How to prove and interpret $\operatorname{rank}(AB) \leq \operatorname{min}(\operatorname{rank}(A), \operatorname{rank}(B))$?

Question

Let $A$ and $B$ be two matrices which can be multiplied. Then $$\operatorname{rank}(AB) \leq \operatorname{min}(\operatorname{rank}(A), \operatorname{rank}(B)).$$

I proved $\operatorname{rank}(AB) \leq \operatorname{rank}(B)$ by interpreting $AB$ as a composition of linear maps, observing that $\operatorname{ker}(B) \subseteq \operatorname{ker}(AB)$ and using the kernel-image dimension formula.
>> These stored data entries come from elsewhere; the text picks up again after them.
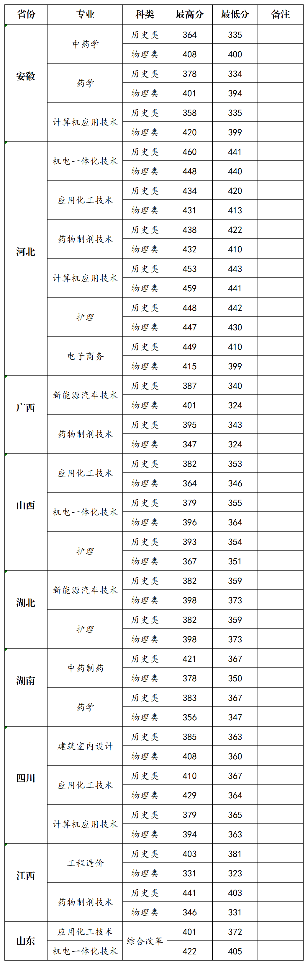 2025年普招外省录取分数统计表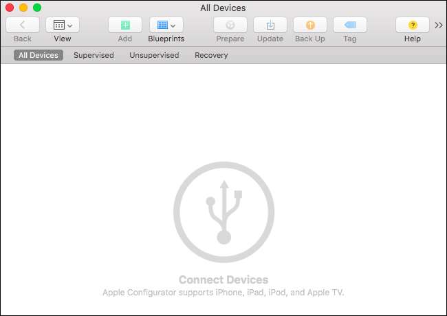 잠시 후 Apple Configurator 창에 연결된 기기가 표시됩니다.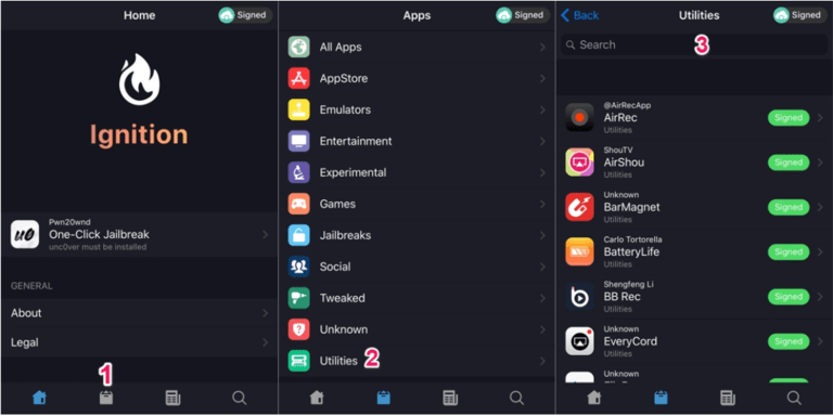 Trong giao diện chính của Ignition, bạn nhấn vào “Biểu tượng thư mục” để chuyển sang trang Ứng dụng (Apps) > chọn mục “Tiện ích (Utilities)”.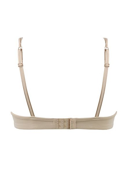 Бюстгальтер-триангул с уплотненными формованными чашками без пуш-ап, без косточек. Глубокая линия декольте. Спинка двуслойная. Бретели несъемные, регулируемые. Застежка в два ряда на три позиции. Выполнен из эластичной, мягкой микрофибры.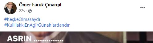 Hamza Yerlikaya'nın Milli Bayrağımızı dalgalandırdığı fotoğrafını "ASRIN ........" sı yazarak paylaşan Çınargil'in edep sınırlarını aştığı çok sayıda takipçisi tarafından yazılsa da Çınargil'in oralı olmadığı gözlendi. Paylaşımında ki ".............." kısmında ne demek istediğini Çınargil'in yüreği yetiyorsa yayınlaması bekleniyor.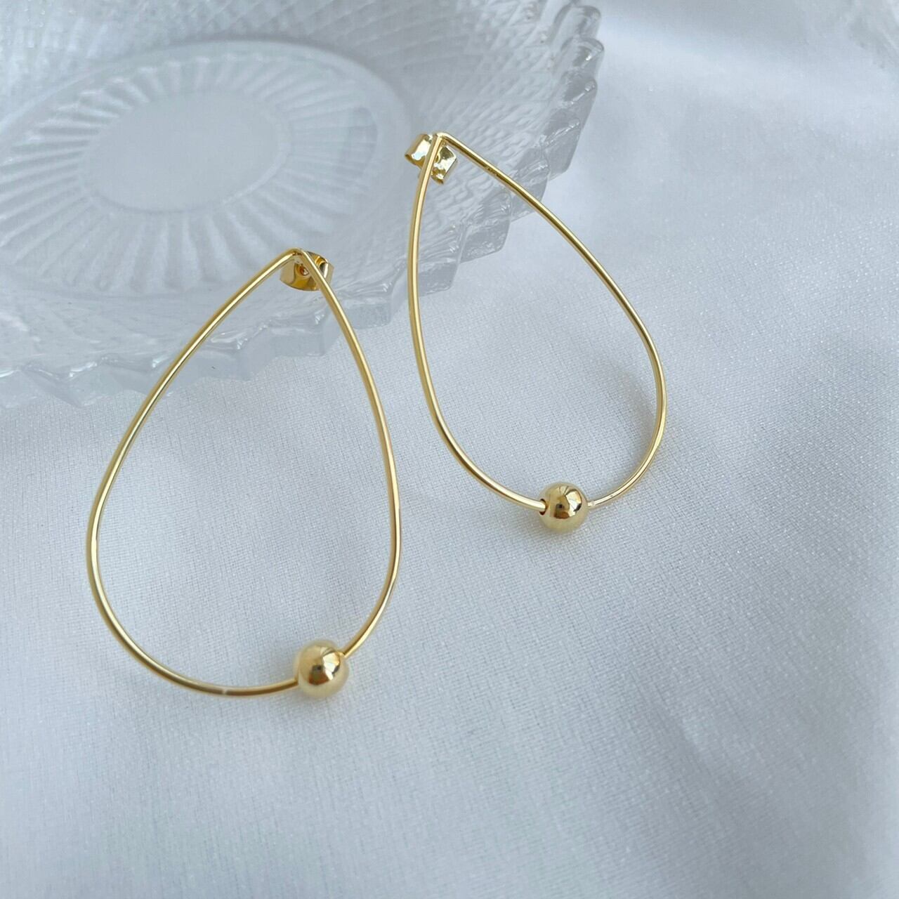 大き目のしずく型のフープにメタルボールの通ったデザインが人気のピアス。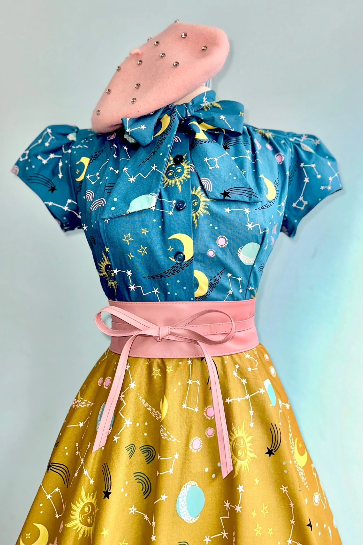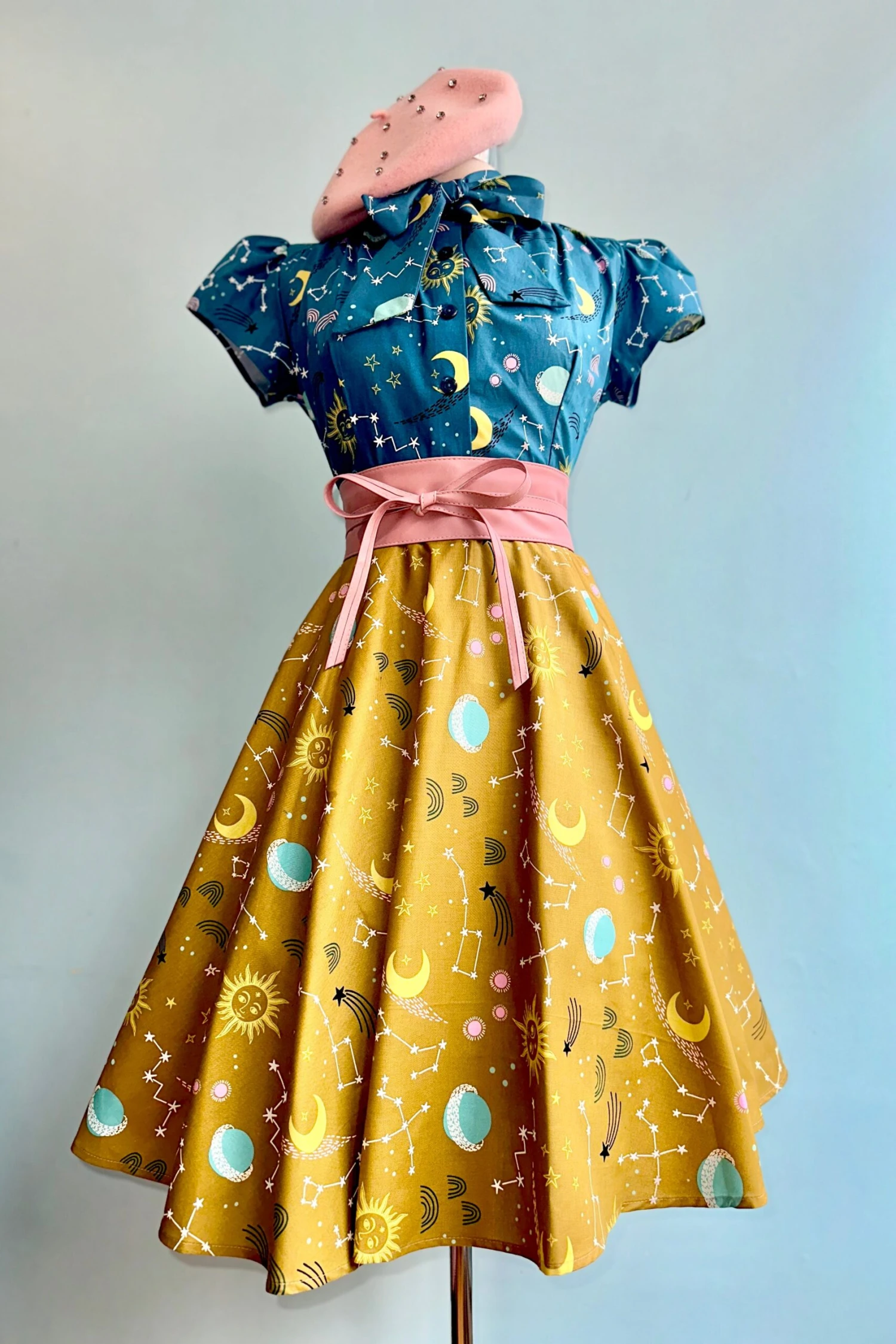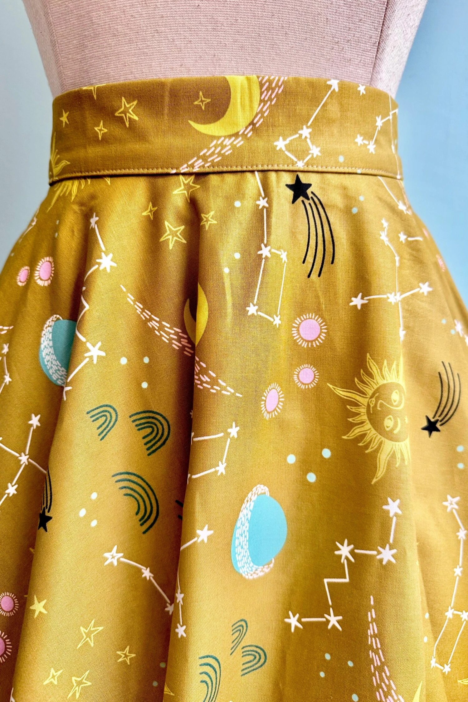 Gorgeous fabric in chartreuse greenish yellow with constellations, moons and rainbows in pink, yellow, black and white throughout. This is 100% cotton, has pockets and zips up the back. Full circle skirt shape. Not lined.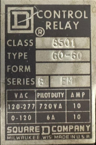 Square D 8501-G0-60 Control Relay Series B EM 120-277 VAC 10 AMP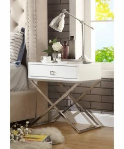 Outlet โ๏ธ Inspired Home Katie Square Lacquer-Finish X-Metal Leg Nightstand, White Chrome ๐ฅฐ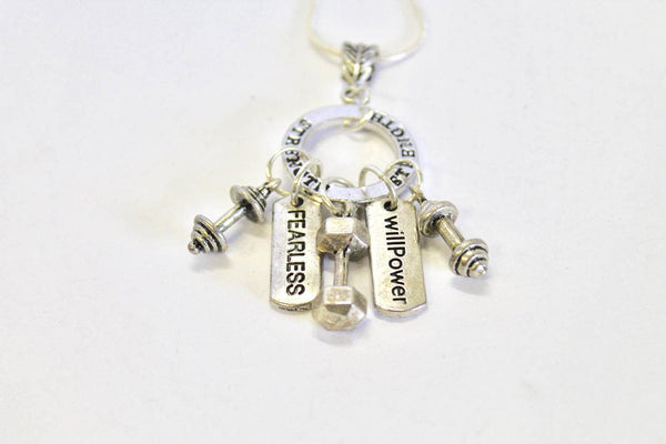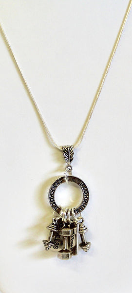 Unique necklace to express your love of exercise and weightlifting! Would make a great gift for a strong woman or for yourself! This would also make a great gift for someone that loves working out! This necklace is available in your choice of lengths. The pendant is also available for individual purchase if you have another chain on which you would like to wear it.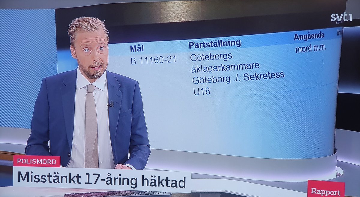 Han är 17 år och medborgare i både Sverige och i ett fattigt land på en sydlig kontinent. SVT Rapport avslöjade 4 juli 2021 att han häktats för mord. Brottmålets nummer är B 11160-21 enligt Public Service. Han misstänks även för mordförsök i en härva som går tillbaka till tiden då han var elev på Svartedalsskolan i Biskopsgården. Den som misstänks för polismordet har fått hela sin familj flyttad av säkerhetsskäl. Max fyra års ungdomsvård väntar om han fälls för mord på polisen.
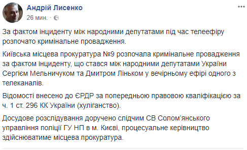 "Киевская местная прокуратура №9 начала уголовное производство по факту инцидента, произошедшего между народными депутатами Украины Сергеем Мельничуком и Дмитрием Линько в вечернем эфире одного из телеканалов.
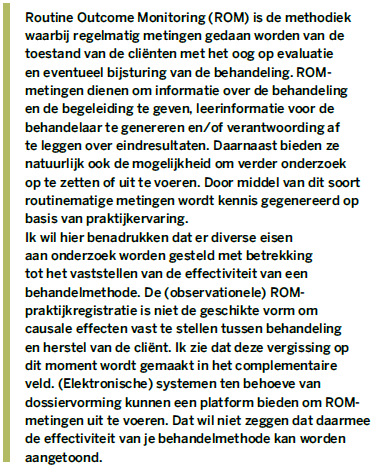 Als complementair behandelaar kun je de cliënt vragen de SF-36-lijst in te vullen voorafgaande aan een behandeling, bij ieder volgend consult en na afloop van de behandeling. Op die manier is de ontwikkeling in kwaliteit van leven over het verloop van je behandeling in kaart gebracht. Het systematisch meten wordt ook wel routinematig meten genoemd (Routine Outcome Monitoring, afgekort als ROM).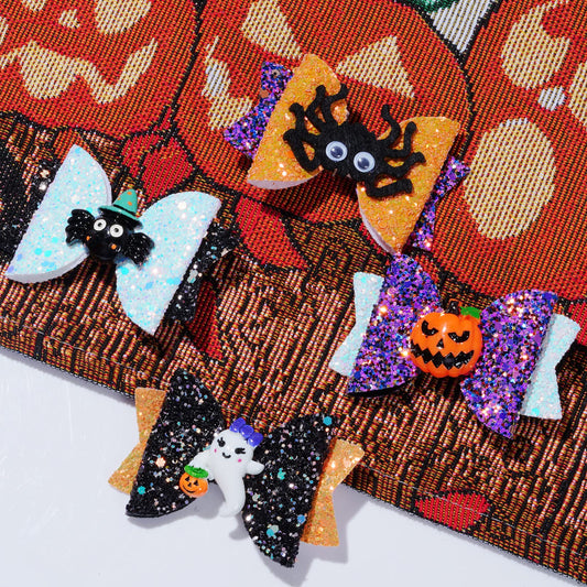 Haakong 8Pcs Halloween Hair Accessories Headdress Halloween Glitter Bows Spider Hair Clip Pumpkin Hair Bow Ghost Hair Barrette Glitter Hair Clip Girls Party Dance Hair Barrettes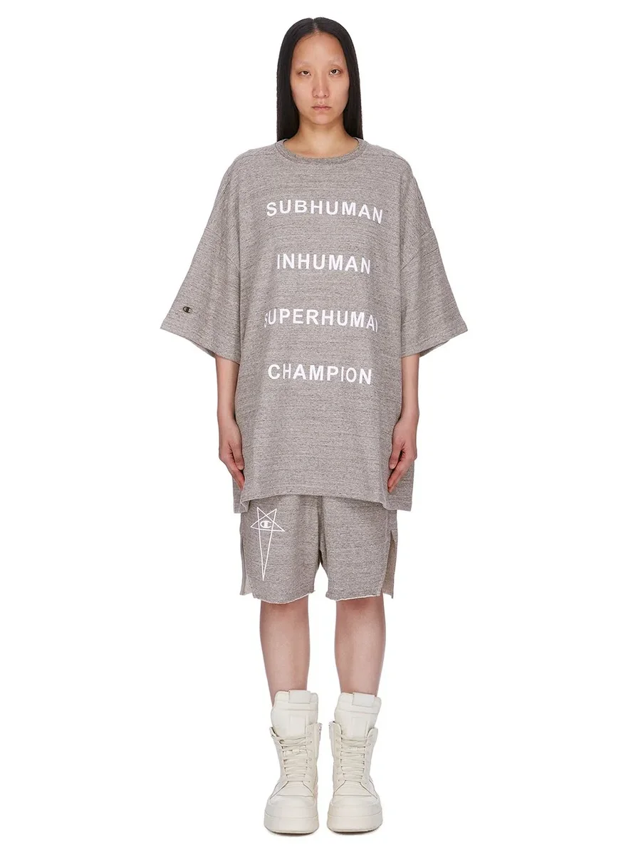 CHAMPION X RICK OWENS SS25 TOMMY T IN GRIJS MELANGE MELANGE FELPA JERSEY
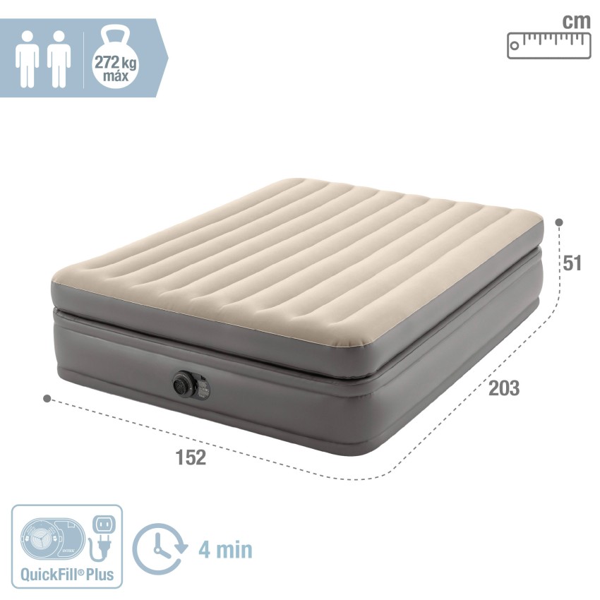 Colchón hinchable gama Dura-Beam Plus modelo Prime Comfort Elevated con medidas 152x203x51 cm y capacidad para 2 personas (máx.272 kg). Uso interior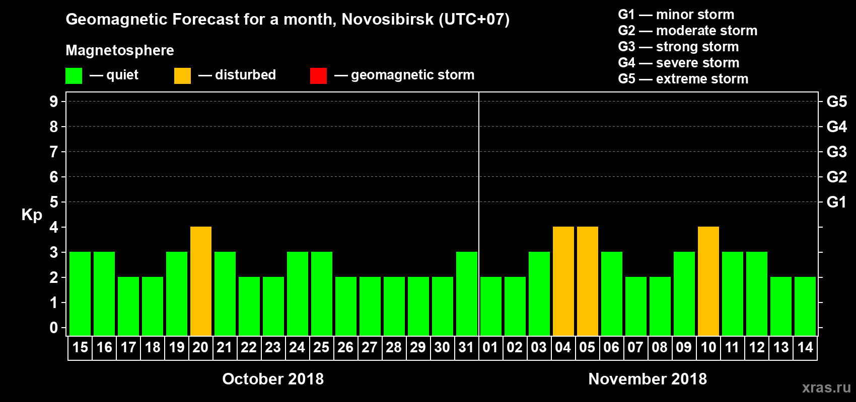 Geomagnetic activity forecast in Novosibirsk — Oct 15, 2018

This also provides, in my opinion, a nice interpretation: if non-stable, under subsequent compositions the kernel can only get bigger, and the image can only get smaller, in a sort of loss of information.

How do you manage $\operatorname{rank}(AB) \leq \operatorname{rank}(A)$? Is there a nice interpretation like the previous one?

Answer 1

Yes. If you think of A and B as linear maps, then the domain of A is certainly at least as big as the image of B. Thus when we apply A to either of these things, we should get "more stuff" in the former case, as the former is bigger than the latter.

Answer 2

Prove first that if $f:X\to Y$ and $g:Y\to Z$ are functions between finite sets, then $|g(f(X))| \leq \min \{ |f(X)|, |g(Y)| \}.$

Then use the same idea.

Answer 3

Once you have proved $\operatorname{rank}(AB) \le \operatorname{rank}(A)$, you can obtain the other inequality by using transposition and the fact that it doesn't change the rank (see e.g. this question).

Specifically, letting $C=A^T$ and $D=B^T$, we have that $\operatorname{rank}(DC) \le \operatorname{rank}(D) \implies \operatorname{rank}(C^TD^T)\le \operatorname{rank} (D^T)$, which is $\operatorname{rank}(AB) \le \operatorname{rank}(B)$.

Answer 4

Each column of $AB$ is a linear combination of columns of $A$ so $\text{Range}(AB)\subseteq \text{Range} (A)$ equivalently $rank(AB)\leq rank(A).$

Similarly, Each row of $AB$ is a linear combination of rows of $B$ so $rowspace(AB)\subseteq rowspace(B)$.

Since rowspace=columnspace. Thus $rank(AB)\leq rank(B)$.

From both of the inequality we deduce that $rank(AB)\leq \min\{rank A, rank B\}$.